A friend of mine strongly recommended that I read the book “Against Elections. The Case for Democracy” written by David Van Reybrouck. As the title suggests, the main message of the essay is that elections and democracy are not the same thing. And that to preserve the value of democracy, we have to reduce the scope of elections, and fill it with lotteries to select public jobs.
This was done in classical Athens, as
well as in some medieval and Renaissance institutions in Venice, Florence and
the Crown of Aragon (“insaculatio”). After the American and French Revolutions,
the mechanism was discarded because the elites wanted to keep the new liberal
systems elitist and aristocratic through the election of the theoretically
“best and brightest,” which were supposed to naturally belong to the upper classes.
I should have read it earlier,
because it is a suggestion with which I sympathize (as I tell my students when
we talk about de sub-discipline of social choice, between economics and
political science). The author dyagnoses a “Democratic Fatigue Syndrome”. And
lotteries would be a better remedy than populism, technocracy or direct
democracy. They are fair and democratic and they would legitimize the peaceful
transfer of power not less than free elections. They would reduce the distance
between those that govern and those that are governed.
Canada, Iceland, and Ireland have
recently tried different mechanisms, using randomly selected citizen assemblies
as part of the public decision making process. In Ireland, one of these mechanisms led
to the historical approval of gay marriages.
In Spain, there have
been some proposals and experiences only in the margin of the political system (for
example, with the Citizens Assembly for Climate Change), but popular juries and
presidents of ballot stations are selected by lotteries and the results have
been very positive.
The imperfections of electoral
democracies have been well known by some of the best social scientists such as
Kenneth Arrow and Larry Bartels. Amartya Sen argues that these difficulties
should not lead to pessimism or desperation, but to exploring how to improve the existing systems. This can be done accompanying them with tools of deliberation,
like those of citizens’ assemblies.
There is little doubt that existing institutions are a very small subsample of all possible institutions, but we are often locked in inefficient evolutionary outcomes because of inertia, vested interests and switching costs.

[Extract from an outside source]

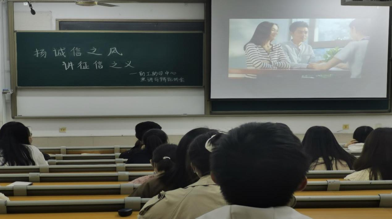 活动期间,同学们一起观看诚信相关视频,进行诚信、征信和信贷知识的普及。在活动结束之际,同学们对演讲进行简单的提问和讨论。

Of course, there are no panaceas, and following the lessons
of Arrow, the perfect mechanism of aggregating individual preferences in a
democracy does not exist. The main problems of a lottocracy, beyond the existence of vested interests that stop it, are how to make it
compatible with the mobilization of discriminated constituencies (workers and women),
and with the political skills (managing alliances and the corridors of power) necessary to
push for fair reforms or social transformations.

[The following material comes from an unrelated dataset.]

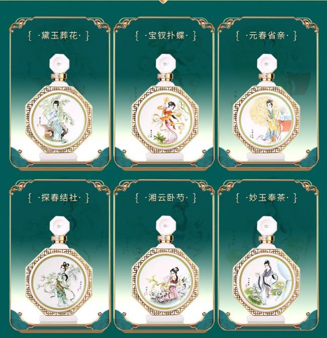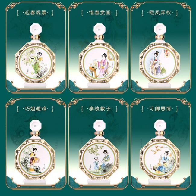 春夏秋冬红楼梦十二金钗酒再次在文化赋能上,十二生肖酒采用的是十二生肖文化,这也正赋予了这款酒特殊的意义。而春夏秋冬十二金钗酒则是采用在我国文学史上有着极其重要地位的《红楼梦》为主题衍生设计的文创作品。正所谓“半部论语治天下,一部红楼懂人生”,这款产品把红学文化与酒文化巧妙结合,十二瓶、十二金钗、十二幅经典画作、十二个经典故事,以书画设计为表现形式,探索《红楼梦》文创衍生品设计在继承原作精神内核的同时,对其文化内涵进行视觉转化。是一款不可多得的集国学文化、陶瓷文化、书画文化、酒文化为一体的文化艺术精品,不仅具有品鉴价值还具有很高的珍藏价值。

Workers rights, women rights, green parties: would they have
emerged without fighting and mobilization of massive groups? Perhaps lottocracy in the form of
citizens’ assemblies is better adapted to solving current challenges such as
ethinc conflict and diversity.
Would Ireland have delegated the issue of Gay Marriage to a
citizens’ assembly without the fight of the LGTB community through (mainly
leftist) political parties in countries that took the step previously? Would
women be even accepted in citizens’ assemblies without the previous fight of
the sufragettes and the (left wing) parties that promoted female voting?

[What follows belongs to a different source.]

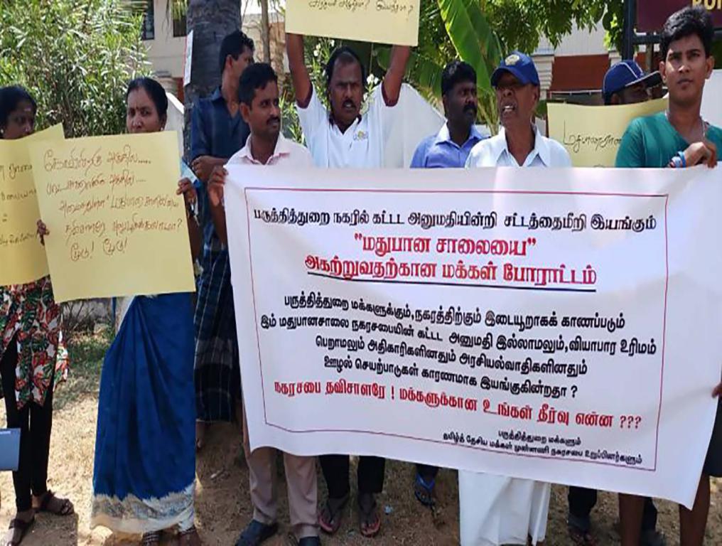 கட்டட அனுமதியின்றி, சட்டத்தைமீறி இயங்கிவரும் மதுபானசாலையை அகற்றக்கோரியே இப் போராட்டம் முன்னெடுக்கப்பட்டது.

Doesn’t lottocracy take for ganted many freedoms for which
people had to fight through movements, trade unions and political parties? Can we afford to spend massive resources in promoting lottocracy in front of the urgent task of democratically stopping Donald Trump and Marine le Pen?
Elections and political parties will remain necessary for a
while, but it is worth exploring the expansion of sortition to new arenas (starting with sports clubs and universities?).
Elections and political parties need serious reforms. These are difficult, but not impossible. When
reforms happen (as with secret voting in Chile, or electronic voting in Brazil), the results can be encouraging. Take Chile: citizens’ assemblies by
sortition could have helped or complemented the constitutional assemblies that
failed to produce a new Carta Magna, but perhaps also would (complementarily) the reliance on
traditional parties that had experience in reaching broad-based agreements –and
that were marginalized in the constituional process.